Waikiki Health continues to exceed expectations in helping prisoners who would otherwise end up homeless once they’re out.

Waikiki Health’s Pu‘uhonua (safe place for healing) Program planned to help 480 prisoners between Oct. 1, 2017, and Sept. 30.

Instead, 970 prisoners went through the program.

Out of the 970 prisoners, 94 — or fewer than 10 percent — have gone back to jail or prison. Those 94 went back for violations of their terms of parole or probation — not for committing new crimes, according to Waikiki Health.

Program Director Francine Dudoit-Tagupa estimates that “95 percent for sure” of Oahu prisoners re-enter island society with no job, no place to live and none of the critical documents — such as a birth certificate, Social Security card or other government identification — they need to get housing and employment.

Thanks to a grant from the Hawaii Medical Service Association’s Community Grant Program, the Pu‘uhonua Program continues to work with defendants to get them government documents, MedQuest health insurance, substance abuse treatment, jobs and temporary and, ideally, permanent housing.

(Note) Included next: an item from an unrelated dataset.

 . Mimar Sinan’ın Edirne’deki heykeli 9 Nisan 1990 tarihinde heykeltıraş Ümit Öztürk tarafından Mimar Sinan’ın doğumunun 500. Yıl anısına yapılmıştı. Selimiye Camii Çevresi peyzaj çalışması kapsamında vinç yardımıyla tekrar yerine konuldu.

The Pu‘uhonua Program helps prisoners from all of Oahu’s jails and prisons, including the Federal Detention Center, working with them before and after they are released.

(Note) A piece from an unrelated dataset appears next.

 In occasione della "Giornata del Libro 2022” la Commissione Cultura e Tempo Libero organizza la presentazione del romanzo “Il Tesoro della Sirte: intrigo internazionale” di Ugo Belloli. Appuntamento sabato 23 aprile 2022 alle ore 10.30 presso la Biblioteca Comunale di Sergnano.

A former Oahu Community Correctional Center prisoner named Isaac — he asked that his last name not be used — had been living in the entrenched homeless encampment at Waimanalo Beach Park for five years when he was arrested for burglary, followed by a seven-month term at OCCC.

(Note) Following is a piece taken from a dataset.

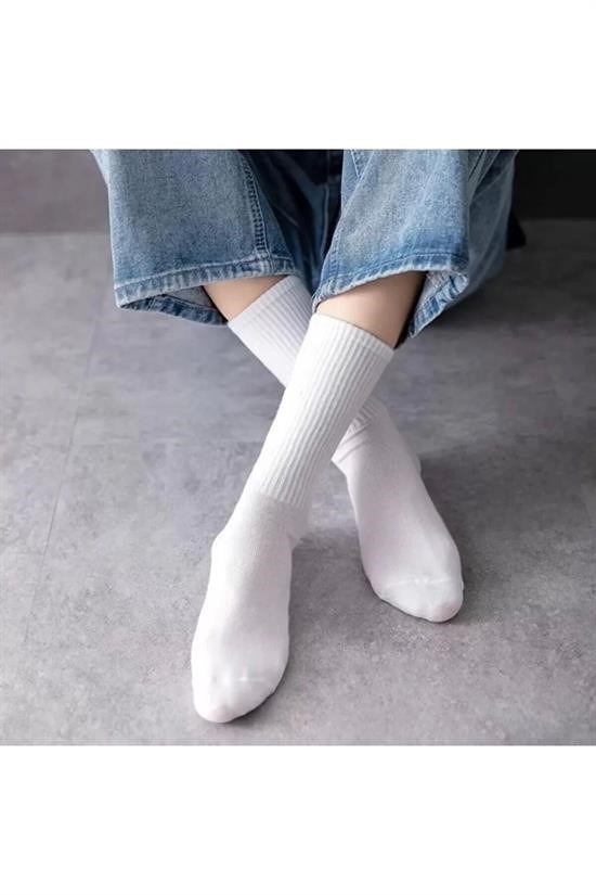 10 Adet Beyaz Kolej Düz Desensiz Çorap Unisex 42-46

While he was convicted of burglary, Isaac, 44, said, “The money was for drugs” — specifically methamphetamine.

When he was released on probation Aug. 13, Isaac said he would have gone back to being homeless in Waimanalo, with no job and little optimism.

“I nevah had nothing,” he said during an interview Wednesday with the Honolulu Star-Advertiser in Dudoit-Tagupa’s office at Waikiki Health.

Instead, after attending OCCC classes led by Waikiki Health’s Cheryl Moreno, Isaac used his new one-year bus pass to head straight to Waikiki Health after he was released.

Waikiki Health then placed him in its Next Step Shelter in Kakaako and got him a job as a janitor cleaning Kewalo Basin and at Kakaako Waterfront Park next door.

He’s gotten his government IDs back, received a $40 gift card to buy clothes at Goodwill Hawaii and is enrolled in substance abuse treatment that helps him stay clean and sober.

“Hundred-something days now,” Isaac said of his newfound sobriety.

Isaac used to work at sea as a commercial fisherman and would love to get a job on land working in a fish market.

At the same time, he dreams of getting a permanent home of his own.

“That’s the No. 1 key thing,” Dudoit-Tagupa said. “There is no housing for our offenders coming out.”

During a Pu‘uhonua Program class at OCCC in September, Moreno read a hand-written letter to other prisoners from a former inmate.

“Cheryl can help w/$40 voucher for Goodwill + day bus passes. Mine was at the front gate when I left,” the former prisoner wrote. “I’m at Next Step. I’m busy getting drug assessment, Social card and Birth Certificate, taxes, etc. etc.”

The letter was signed “Much Love + Aloha.”

Dudoit-Tagupa also serves as Waikiki Health’s director of Native Hawaiian healing, and the Pu‘uhonua Program initially was aimed at Native Hawaiian and Pacific Islander prisoners, who are disproportionately incarcerated compared with the general population.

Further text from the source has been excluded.